What you have to do:
Pictures in the records are to be excluded from an otherwise exact copy.

Dataset records:
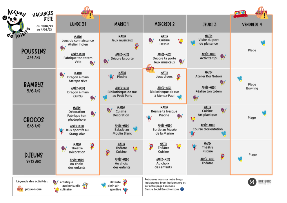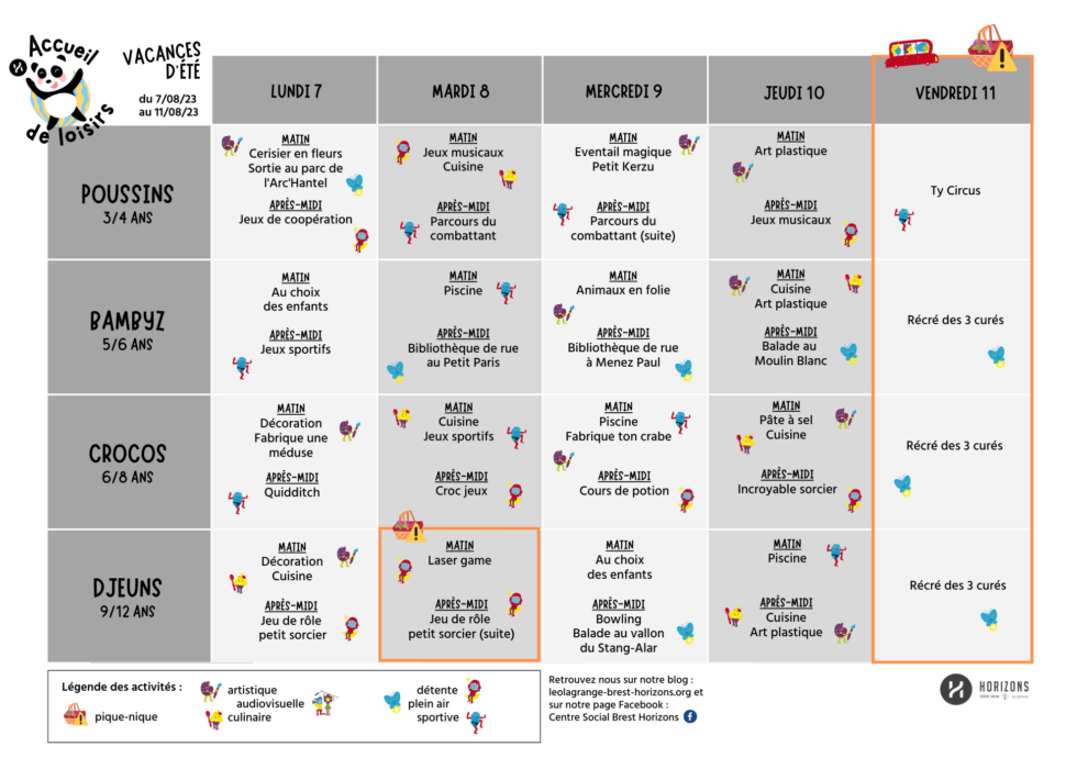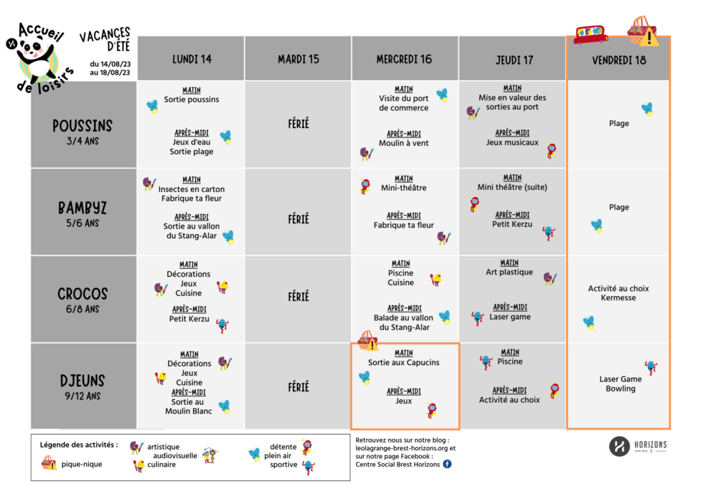 Planning des vacances d’été – Août – Enfance (3/12 ans) Publication publiée :13 juillet 2023 Post category:A l'affiche / Enfance / Pontanezen / Vacances Le programme de ce mois d’août est à découvrir, semaine par semaine, ci-dessous. Semaine du 31 juillet au 4 août : Semaine du 7 au 11 août : Semaine du 14 au 18 août : Étiquettes: accueil de loisirs, brest, enfants, pontanézen, vacances Read more articles Article précédentStages équitation du secteur jeunesse au Questel Article suivantAppel aux dons : ton déchet est mon trésor
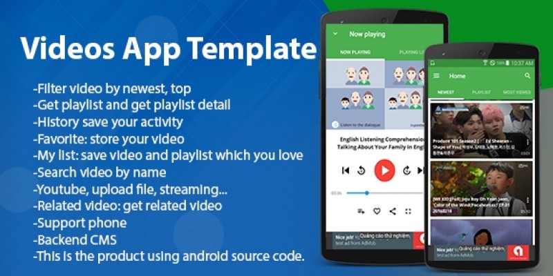 Videos Streaming - Android App Template. Would you like a video app? you can collect many videos on Youtube or streaming a video from another resource.
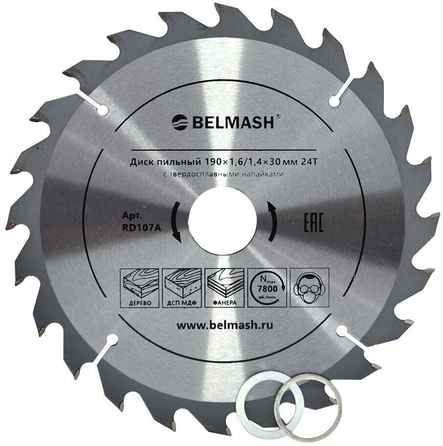 Диск пильный BELMASH 190 1,6/1,4 30/25,4/22,2 24Т с твердосплавными напайками, которые делают зубья более острыми и износостойкими. Градусы заточки: передний угол 15 градусов, задний угол 15 градусов. Тип зуба ATB: переменные зубья с разносторонним углом наклона главной задней поверхности. Толщина зубьев пильного диска 2,2 мм. Максимальная частота вращения – 7800 об./мин. Посадочный диаметр - 30 мм. В комплекте имеется два переходных кольца на внутренний диаметр 25,4 и 22,2 мм. Применение: чистовой поперечный и продольный распил древесины, фанеры, МДФ, ДСП, ОСП. Диск соответствует требованиям Технического регламента Таможенного Союза 010/2011 «О безопасности машин и оборудования».
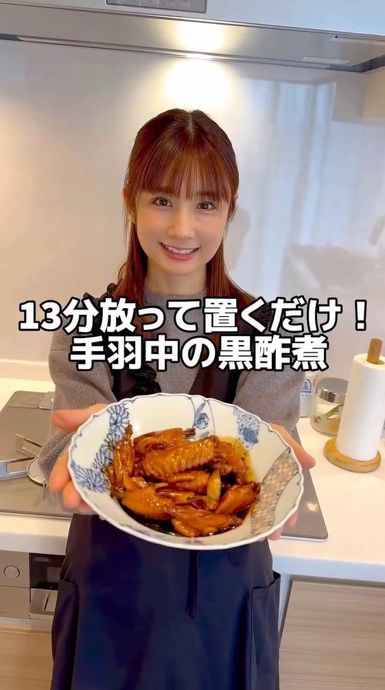 そして今回、小倉さんは、13分放っておくだけでできる「小倉家のリピート率No1」な「手羽中の黒酢煮(3~4人分)」の作り方を動画で紹介!
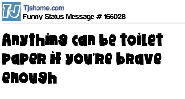 - # 113947 when I run out of toilet paper i'll awkwardly sit there and hope the toilet paper gods on his way
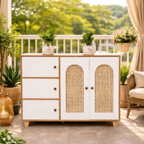 Tủ kệ giày 3 tầng cánh mây chân gỗ là sự lựa chọn tuyệt vời cho những ai yêu thích vẻ đẹp tự nhiên và phong cách nội thất mây tre đan. Đừng ngần ngại mang đến cho không gian nhà bạn một làn gió mới với sản phẩm này!
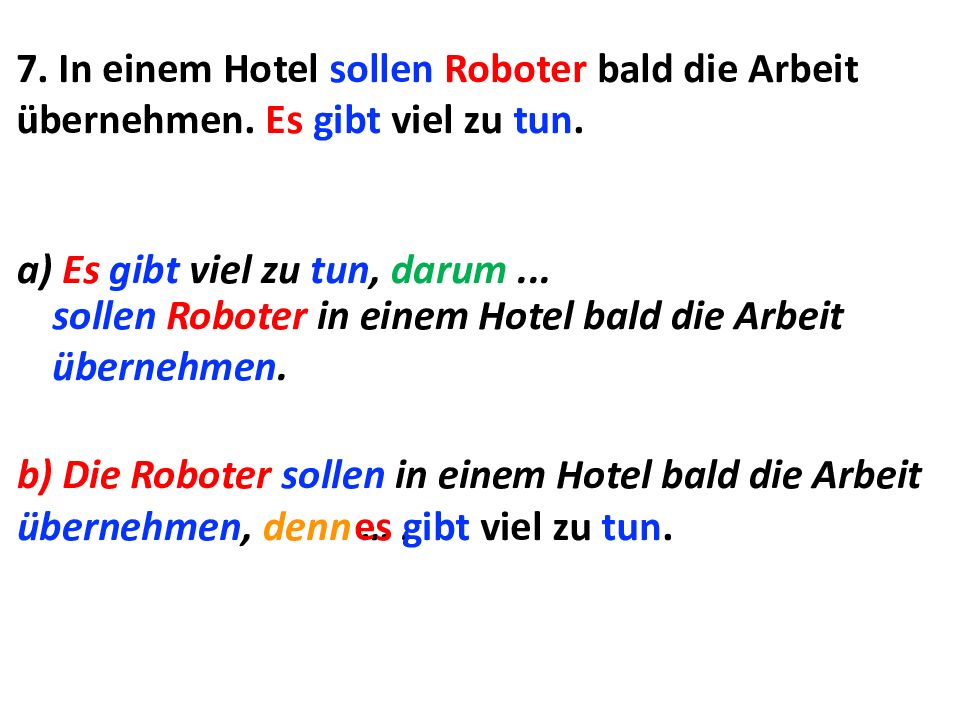 7. In einem Hotel sollen Roboter bald die Arbeit übernehmen. Es gibt viel zu tun. a) Es gibt viel zu tun, darum... sollen Roboter in einem Hotel bald die Arbeit übernehmen. b) Die Roboter sollen in einem Hotel bald die Arbeit übernehmen, denn …. es gibt viel zu tun.

Output below:
 Planning des vacances d’été – Août – Enfance (3/12 ans) Publication publiée :13 juillet 2023 Post category:A l'affiche / Enfance / Pontanezen / Vacances Le programme de ce mois d’août est à découvrir, semaine par semaine, ci-dessous. Semaine du 31 juillet au 4 août : Semaine du 7 au 11 août : Semaine du 14 au 18 août : Étiquettes: accueil de loisirs, brest, enfants, pontanézen, vacances Read more articles Article précédentStages équitation du secteur jeunesse au Questel Article suivantAppel aux dons : ton déchet est mon trésor
 Videos Streaming - Android App Template. Would you like a video app? you can collect many videos on Youtube or streaming a video from another resource.
 Диск пильный BELMASH 190 1,6/1,4 30/25,4/22,2 24Т с твердосплавными напайками, которые делают зубья более острыми и износостойкими. Градусы заточки: передний угол 15 градусов, задний угол 15 градусов. Тип зуба ATB: переменные зубья с разносторонним углом наклона главной задней поверхности. Толщина зубьев пильного диска 2,2 мм. Максимальная частота вращения – 7800 об./мин. Посадочный диаметр - 30 мм. В комплекте имеется два переходных кольца на внутренний диаметр 25,4 и 22,2 мм. Применение: чистовой поперечный и продольный распил древесины, фанеры, МДФ, ДСП, ОСП. Диск соответствует требованиям Технического регламента Таможенного Союза 010/2011 «О безопасности машин и оборудования».
 そして今回、小倉さんは、13分放っておくだけでできる「小倉家のリピート率No1」な「手羽中の黒酢煮(3~4人分)」の作り方を動画で紹介!
 - # 113947 when I run out of toilet paper i'll awkwardly sit there and hope the toilet paper gods on his way
 Tủ kệ giày 3 tầng cánh mây chân gỗ là sự lựa chọn tuyệt vời cho những ai yêu thích vẻ đẹp tự nhiên và phong cách nội thất mây tre đan. Đừng ngần ngại mang đến cho không gian nhà bạn một làn gió mới với sản phẩm này!
 7. In einem Hotel sollen Roboter bald die Arbeit übernehmen. Es gibt viel zu tun. a) Es gibt viel zu tun, darum... sollen Roboter in einem Hotel bald die Arbeit übernehmen. b) Die Roboter sollen in einem Hotel bald die Arbeit übernehmen, denn …. es gibt viel zu tun.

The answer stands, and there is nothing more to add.